** Required action **
When you return the lines below, go from the first through the line with "فهذا الشكر المقتضي", keep them exact, and leave out every picture.

** Source data **
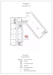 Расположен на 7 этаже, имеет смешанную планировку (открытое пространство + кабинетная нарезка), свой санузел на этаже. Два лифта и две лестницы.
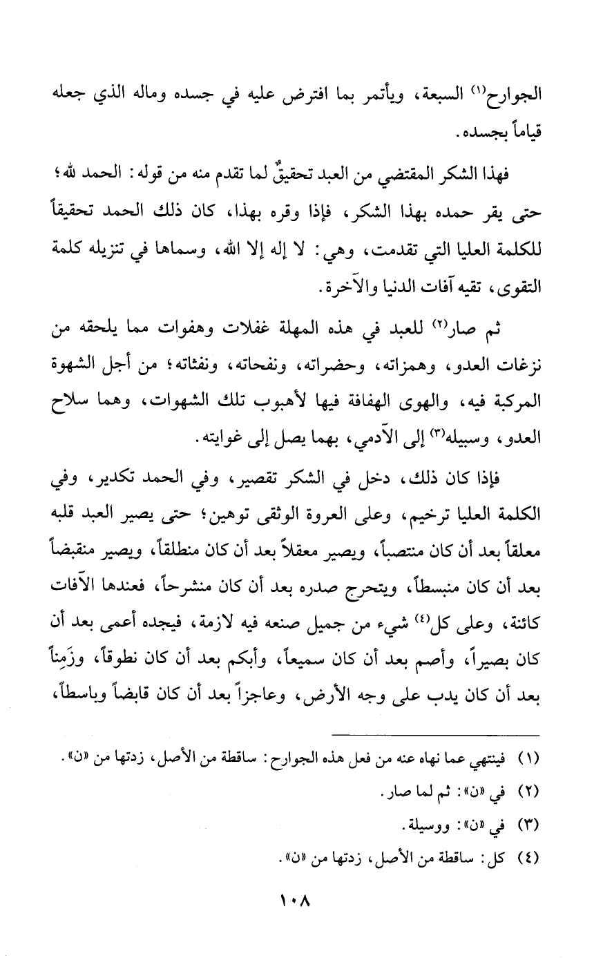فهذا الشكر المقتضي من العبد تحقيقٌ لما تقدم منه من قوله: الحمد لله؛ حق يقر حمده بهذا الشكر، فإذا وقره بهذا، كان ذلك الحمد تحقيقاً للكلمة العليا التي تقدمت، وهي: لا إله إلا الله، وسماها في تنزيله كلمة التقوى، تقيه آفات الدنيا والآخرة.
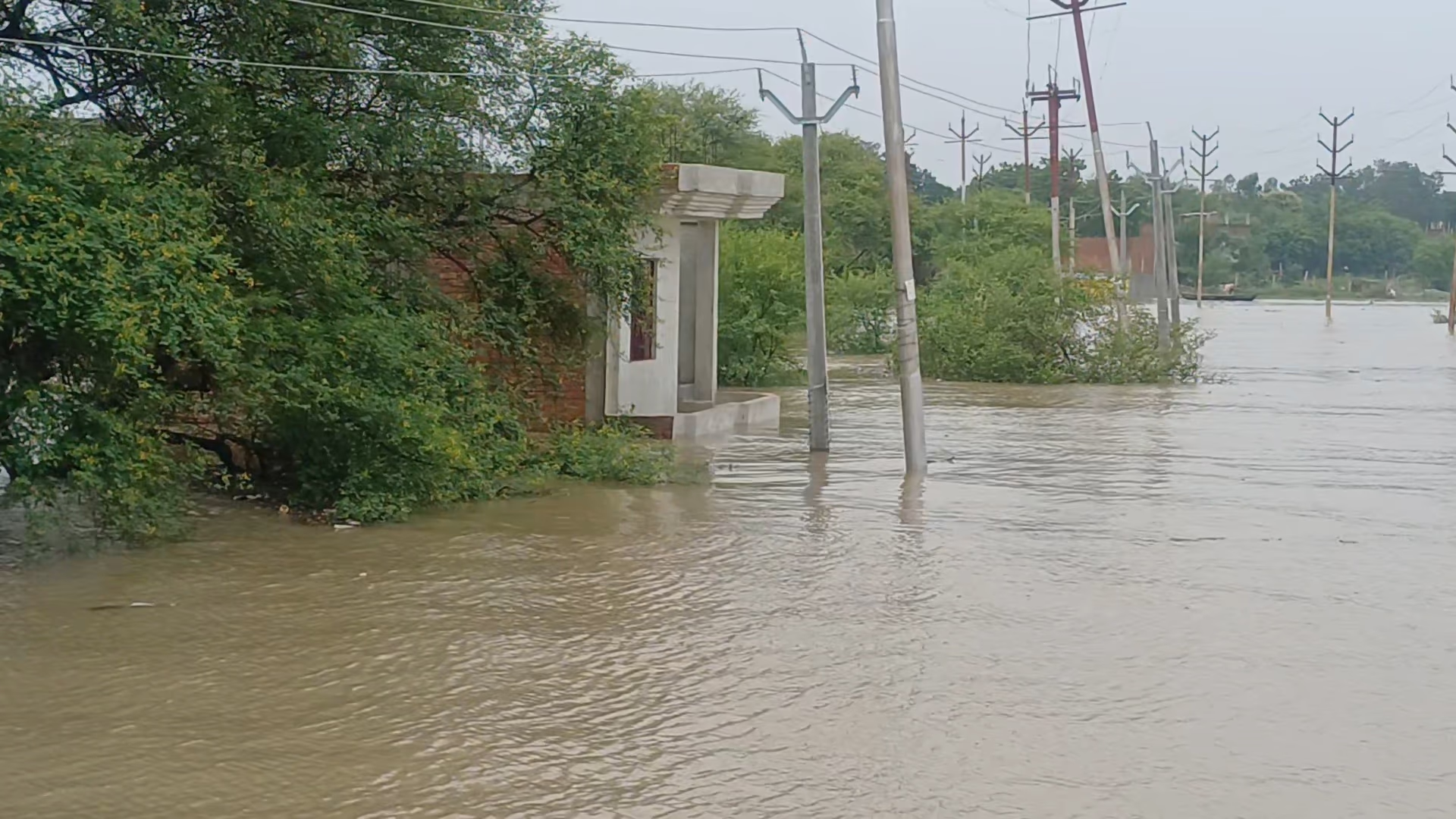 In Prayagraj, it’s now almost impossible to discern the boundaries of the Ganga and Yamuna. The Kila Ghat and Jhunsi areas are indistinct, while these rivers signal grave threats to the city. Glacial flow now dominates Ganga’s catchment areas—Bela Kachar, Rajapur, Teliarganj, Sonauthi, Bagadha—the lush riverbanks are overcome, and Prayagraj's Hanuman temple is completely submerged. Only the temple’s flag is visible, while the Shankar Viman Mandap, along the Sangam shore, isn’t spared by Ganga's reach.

** Exercise solution **
 Расположен на 7 этаже, имеет смешанную планировку (открытое пространство + кабинетная нарезка), свой санузел на этаже. Два лифта и две лестницы.
فهذا الشكر المقتضي من العبد تحقيقٌ لما تقدم منه من قوله: الحمد لله؛ حق يقر حمده بهذا الشكر، فإذا وقره بهذا، كان ذلك الحمد تحقيقاً للكلمة العليا التي تقدمت، وهي: لا إله إلا الله، وسماها في تنزيله كلمة التقوى، تقيه آفات الدنيا والآخرة.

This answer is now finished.